# Pretraining using SlimPajama

Let's see how we can use the data generated from the [data pipeline notebook](./data_pipeline.ipynb) to pretrain a model. All we need to do is define the data module based on the generated data and replace it with the mock data module provided by default in the [NeMo LLM recipes](../../../nemo/collections/llm/recipes/__init__.py).

In [None]:
import nemo_run as run
from typing import Optional
import lightning.pytorch as pl
from nemo.collections import llm
from nemo.collections.common.tokenizers import SentencePieceTokenizer

## Define the data module
To define the data module, we can use `llm.PreTrainingDataModule` and pass in the data paths and tokenizer. In case you don't have either of the two, please refer to the [data pipeline notebook](./data_pipeline.ipynb).

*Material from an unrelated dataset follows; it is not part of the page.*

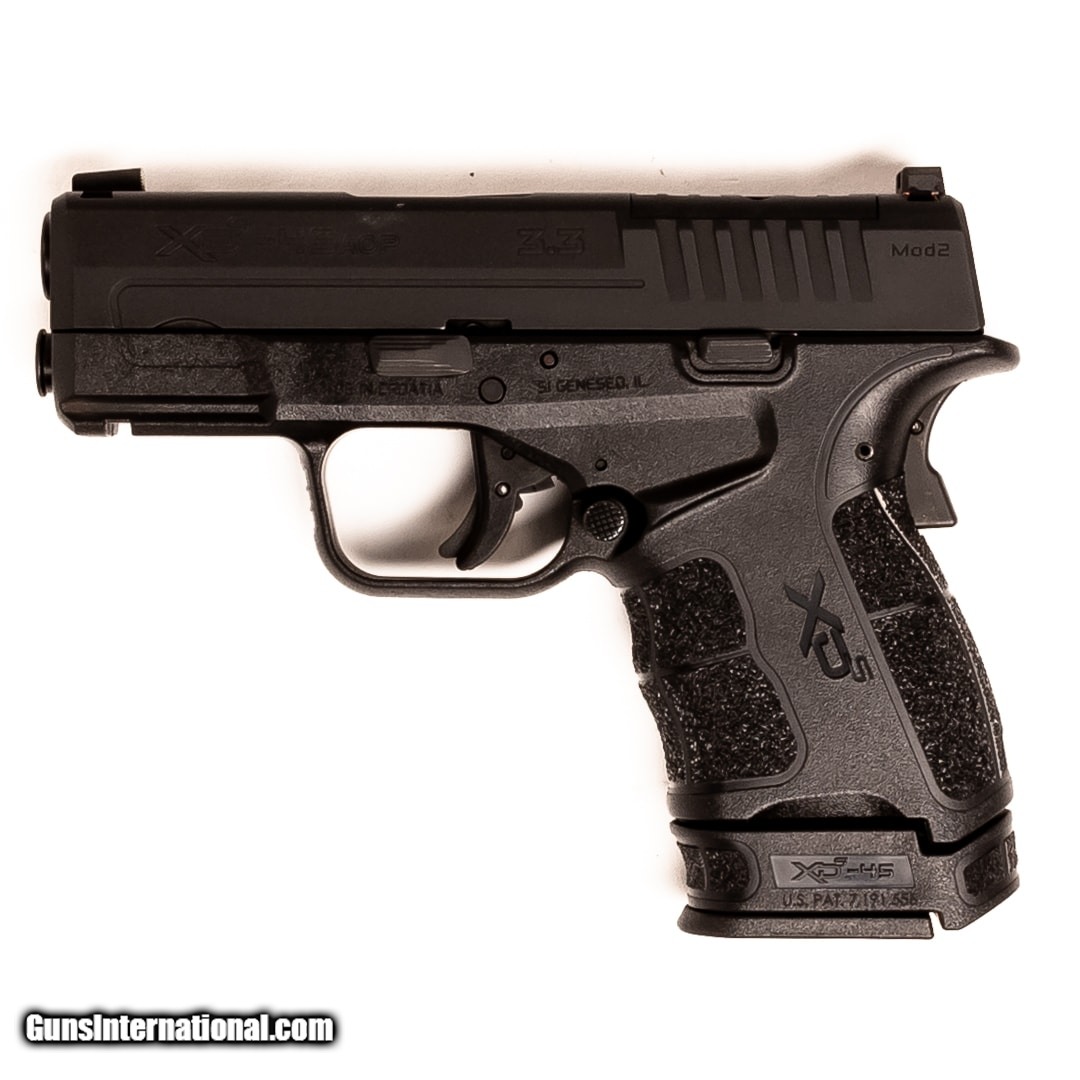 Description: Guns Listing ID: 658961 The Springfield Armory XDS-45 3.3\" is a small semi-automatic handgun designed for concealed carry. It is chambered in 45 ACP, which packs a punch but is still controllable. This XDS-45 3.3\" features a red dot and includes two range bags, two 5-round magazines, and three 6-round magazines. Get the best bang for your buck when you get a Certified Used Firearm . When you see the Certified Used stamp on any of our firearms, you can be confident that you’re getting exactly what you want – a gun only in very good to excellent condition and held to the highest quality standard. All Certified Used Guns come with a ‘no questions asked’ return policy . PLUS, ALL CERTIFIED USED GUNS SHIP FREE! SOLD Manufacturer: SPRINGFIELD ARMORY Model: XDS-45 Caliber Info: .45 ACP Condition: Used - Certified Barrels: 3.25 BARREL Finish: BLACK |

You can also look at the definition of the data module for the other parameters supported like `split`, `num_workers`, `index_mapping_dir`, etc.

In [2]:
def slimpajama(
    gbs: int = 256,
    mbs: int = 4,
    seq_length: int = 8192,
) -> run.Config[pl.LightningDataModule]:

    return run.Config(
        llm.PreTrainingDataModule,
        paths=["/data/slimpajama_megatron/concatenated_chunk1.jsonl_text_document"],
        seq_length=seq_length,
        global_batch_size=gbs,
        micro_batch_size=mbs,
        tokenizer=run.Config(SentencePieceTokenizer, model_path="/data/tokenizer/tokenizer.model"),
        split="99,8,2",
        num_workers=2,
        index_mapping_dir="/data/index_mapping",
    )

### Configure the recipe and launch pretraining
Once the data module is defined, you can use an existing recipe and replace the data module as shown below.
To learn more about the recipes, refer to the [quickstart](https://docs.nvidia.com/nemo-framework/user-guide/latest/nemo-2.0/quickstart.html).

In [3]:
def configure_recipe(nodes: int = 1, gpus_per_node: int = 1):
    recipe = llm.llama3_8b.pretrain_recipe(
        dir="/checkpoints/llama-new", # Path to store checkpoints
        name="llama_pretraining",
        num_nodes=nodes,
        num_gpus_per_node=gpus_per_node,
    )

    recipe.model.config.num_layers = 1
    recipe.model.config.hidden_size = 128
    recipe.trainer.max_steps = 30
    recipe.data = slimpajama(
        gbs=32,
        mbs=1,
    )
    recipe.trainer.val_check_interval = 20
    recipe.trainer.strategy.context_parallel_size = 1
    recipe.log.ckpt.save_optim_on_train_end = True
    return recipe

In [4]:
def local_executor_torchrun(nodes: int = 1, devices: int = 1) -> run.LocalExecutor:
    # Env vars for jobs are configured here
    env_vars = {
        "TORCH_NCCL_AVOID_RECORD_STREAMS": "1",
        "NEMO_ENV_VARNAME_TESTING": "1",
        "CUDA_VISIBLE_DEVICES": "0"
    }

    executor = run.LocalExecutor(ntasks_per_node=devices, launcher="torchrun", env_vars=env_vars)
    return executor


In [5]:
def run_pretraining():
    recipe = configure_recipe()
    executor = local_executor_torchrun(nodes=recipe.trainer.num_nodes, devices=recipe.trainer.devices)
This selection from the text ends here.